As you walk up the gentle slope of El Campillo, look ahead for a stately stone building, wider than it is tall, with an elegant façade showing pointed neo-Gothic arches and a sense of quiet grandeur. You'll notice the soft golden color of the walls against lush green trees in the background. The entrance is approachable, and if you peek in, you might catch a glimpse of its inner courtyard, a secret world hidden just behind the doors.
Imagine yourself here in the 1500s. The year is 1524. There’s the faint clatter of horse hooves and the murmuring of finely dressed nobles. This is the new home for someone powerful: Hortuño Ibáñez de Aguirre, a man of the King’s own council-and even the Inquisition. He and his wife, María, first dreamed this place would be a home for Dominican nuns, but once it stood finished, shimmering bright and new, they decided to live here themselves.
They promised the nuns a convent somewhere else, while within the palace, guests gathered in the cool, shadowed courtyard, their voices echoing off the two-story stone arches. Kings and queens, grand dukes, and even the infamous Joseph Bonaparte-yes, Napoleon’s own brother-slept here when passing through Vitoria. Picture the royal wagons creaking to a halt, servants bustling, and perhaps a watchful, suspicious glance from a palace guard.
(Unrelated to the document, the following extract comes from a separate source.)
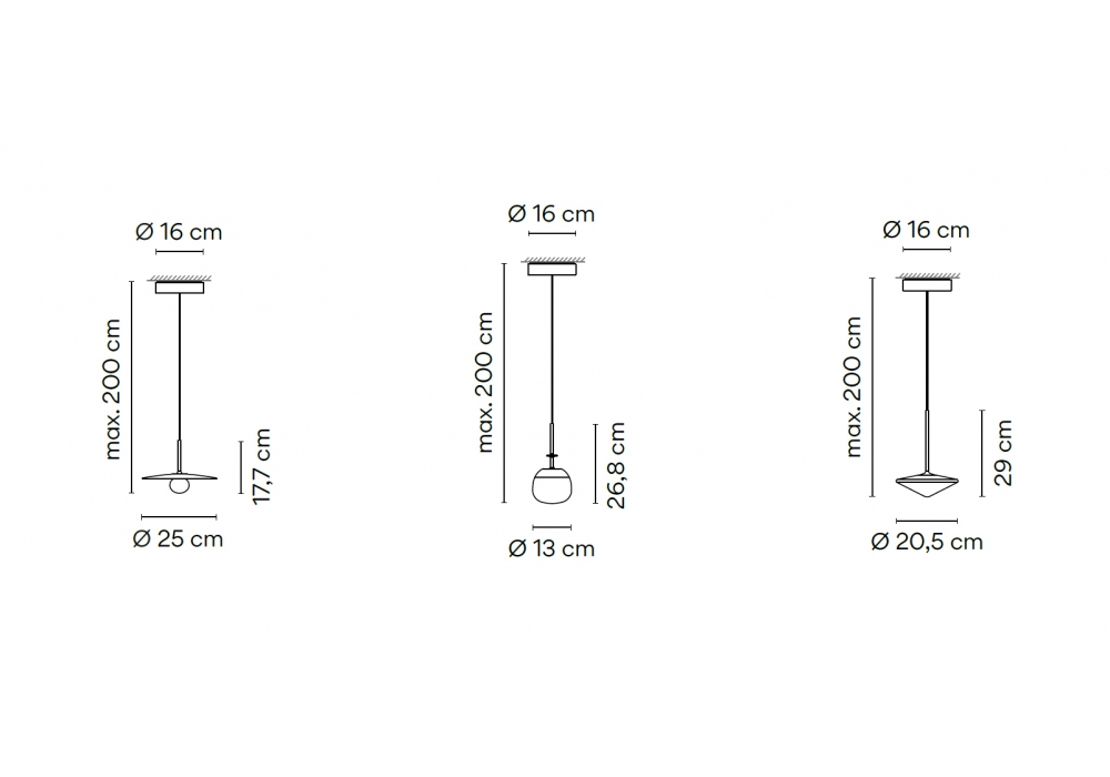 | Abmessungen | Ø 25 x H 17,7 cm Max 200 cm; Ø 13 x H 26,8 cm Max 200 cm; Ø 20,5 x H 29 cm Max 200 cm. |

The name “Montehermoso” comes from the marquises who lived here. One marchioness even nannied the children of Spain’s kings. Tales of secret meetings and high drama unfolded behind these walls-political alliances, whispered plots, and romances, all hidden from the city below.
The palace changed with the times. Once seized by the church and remade as a bishop's seat, it later became a soldiers’ barracks during the turbulent Carlist wars. The façade you see today owes its castle-like look to a grand makeover in the 1800s. Every stone hints at drama-from royal banquets to moments of collapse and ruin.
Now, the world within Montehermoso springs with creativity. Since 1997, it's a living center of art and culture, humming with music, photography, dance, and teamwork, often crafted by Vitoria’s own artists. Beyond the old walls is something even stranger: a tunnel leads to the city’s Victorian-era Water Depository, a vast underground space used for wild, futuristic exhibitions. Imagine music echoing under stone, paintings glowing in hidden chambers, and children laughing as they discover the secrets left by centuries.
Pause here and take it in-the crisp air, the timeless stones. If these walls could talk, you’d hear stories of queens, soldiers, rebels, and artists, all woven together into the heart of Vitoria-Gasteiz.